Just gotta take a minute to say how crazy the SB policy seems to me on this subject.
I’ve owned Nuendo since Ver 2. After the initial purchase price, I’ve spent cumulatively a couple of thousand US dollars upgrading to now Ver 8.3 over the years. Now worries there…happy to have done so. Nuendo is a great and productive tool that has paid for itself many times over.
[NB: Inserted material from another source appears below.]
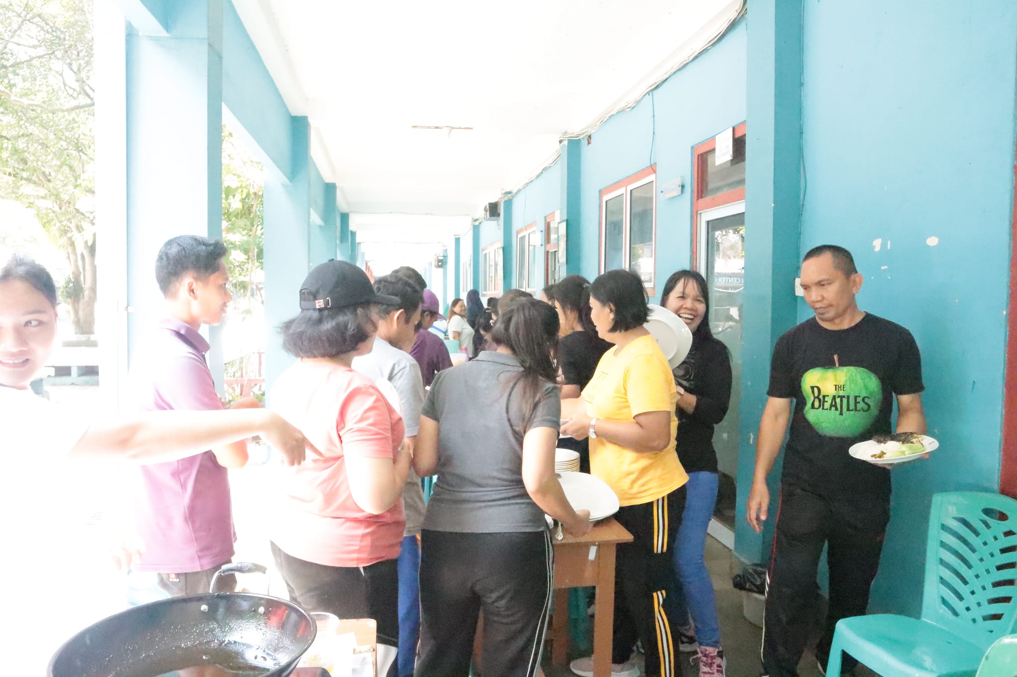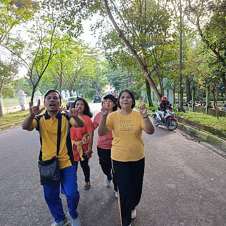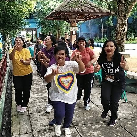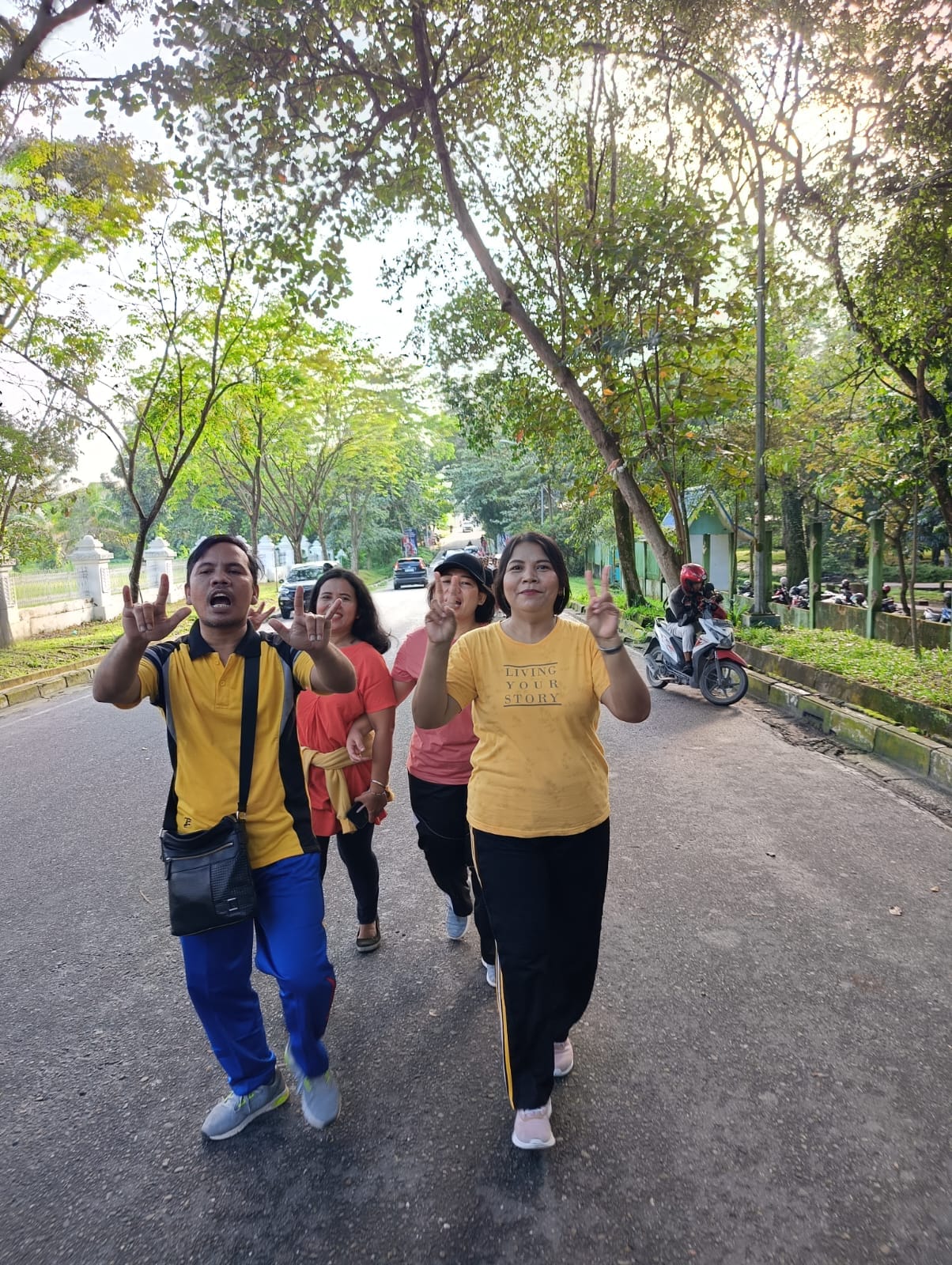 Kami mulai dengan olahraga/jalan santai, games kebersamaan, bernyanyi, makan bersama, dan lucky draw.

But I want to now add (and possibly switch to) Cubase 10. My world is music creation these days with little to no video involved and the new features would be a plus for me sooner than later. Some really nice improvements. And so, I discover that I can qualify to crossgrade for a reduced price from the following list of DAWS, some of which are only +/- $300.:
Ableton Live Standard / Suite, Logic Pro, Cakewalk Sonar Platinum / Professional, Digital Performer, FL Studio Signature / Producer, Pro Tools / Pro Tools HD, Reason (from Version 6), Studio One Professional
But not Nuendo.
I own PT and Ableton and probably something else on the list, so it’s not an impediment to crossgrading, at least for me. I just completely fail to see the logic or point of this policy. I mean, logic says my +/- $2000.00 Nuendo License should also run it’s $600.00 little brother in the same way a Cubase Pro License runs Artist or any other reduced price/feature set version. But not even asking for that, just the same offer as to a competitor’s $300.00 DAW. And I realize that I’m actually better off crossgrading from PT or Ableton to keep my Nuendo license which I would have to surrender if I even could crossgrade, but even the fact that I would have to give up my $2000.00 license to run a $600.00 license from the same company seems daft. The whole concept seems as if was conceived of by a drunken Johnny Depp.
Anyway, thanks for reading. Just needed the catharsis of stating the obvious in a group setting. Sheesh!